As a practice grant, George’s project included her attendance at a workshop that focused on providing students with a better idea of the skills they can acquire in entry-level language courses.

“Basically it helps the students with a couple of things, [like] what they can do with speaking and listening. So they may not be fluent but there’s a whole list of things they can do at the end of the semester,” George said. “This helps them assess their own skills, so it’s about self-assessment. I actually already attended the workshop. It was an intense four days and it talks about getting students from ‘beginning to intermediate,’ all the way up to ‘advanced to superior.’ ”

For researchers hoping to receive a Teaching and Learning grant in the future, George said an integral part of the application process is highlighting a project’s utility while connecting it to education research itself.

“First you write an abstract, then you have to ground it in context. I think the key was that I did cite some of the research in teaching and learning — that’s helpful for those that want the grant,” she said. “You give a timeline of what you want to do. This was the practice grant, so you attend a workshop or a conference and say how you’re going to use it in the classroom and how you will collaborate with students. A lot of the focus is what the students will get out of it.”
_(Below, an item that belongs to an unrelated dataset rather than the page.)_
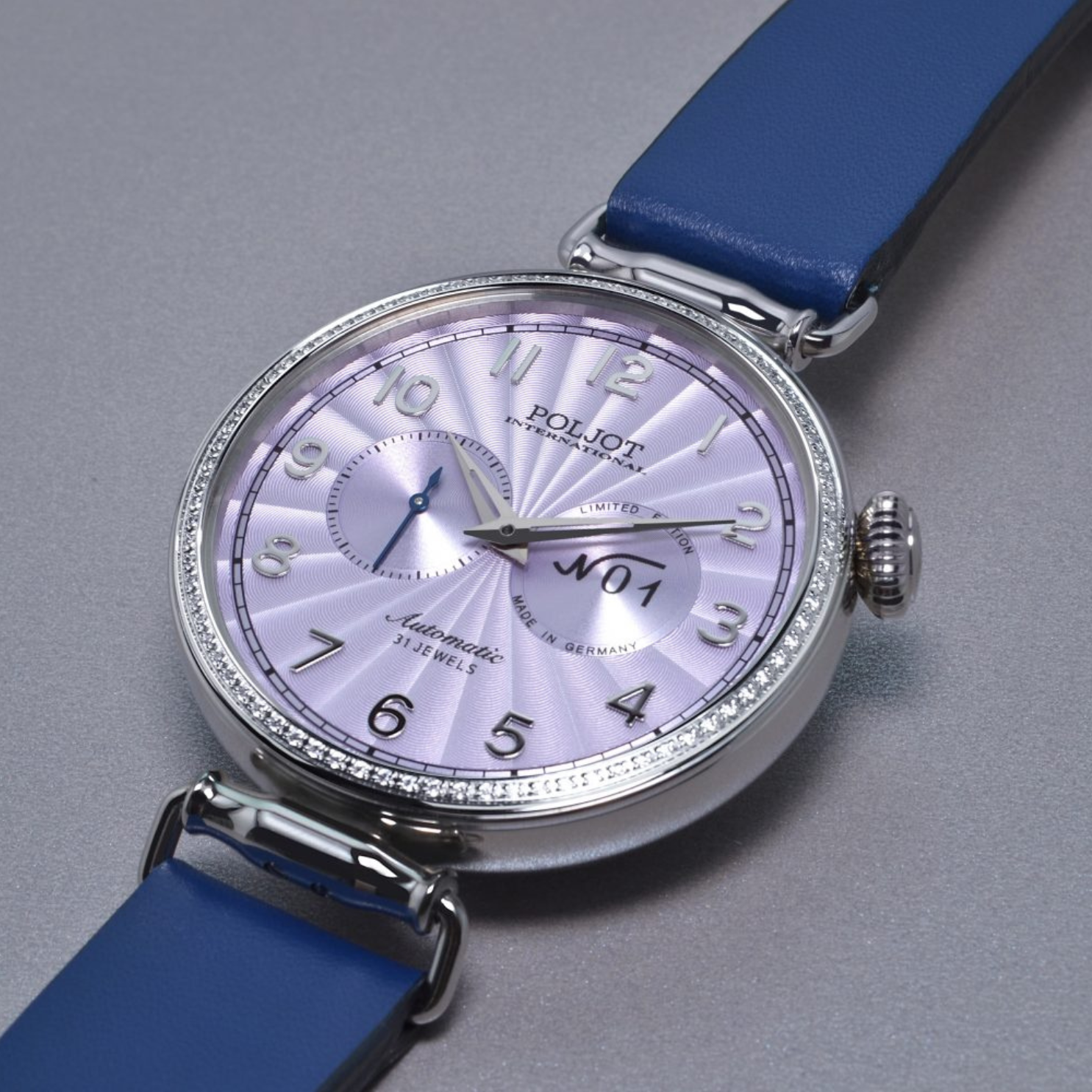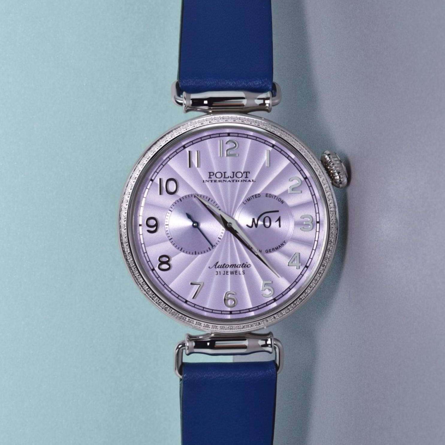 Inside the watch ticks a Vostok 2415 automatic movement with off-centre seconds at 9 o’clock. In order to be able to adjust the position of the seconds to the 9 o’clock position, as in the original, the crown was fixed to the case at 2 o’clock. In this way, the movement was turned counter-clockwise. The rotor of the movement has Geneva stripes and the screws are blued.

According to the Taylor Institute for Teaching and Learning, all applications are reviewed by the university’s Grants Adjudication Committees.

“The committees are comprised of two faculty members, a student representative, a staff member from the Taylor Institute for Teaching and Learning and the Taylor Institute’s Academic Director,” the Taylor Institute said in a statement to the Gauntlet. “Evaluations are based on the following criteria: they are grounded in the context of teaching and learning at the University of Calgary, they are anchored by compelling questions or goals related to teaching and learning, their activities are aligned with those questions and goals, they demonstrate clear potential for positive impact on teaching and learning [and] they contain appropriate budgets and that they are written with clarity and completeness.”

For George, the Teaching and Learning grants are an effort worth maintaining moving forward.

“I think it’s beneficial to improve the teaching and also being able to offer more workshops within our own school,” she said.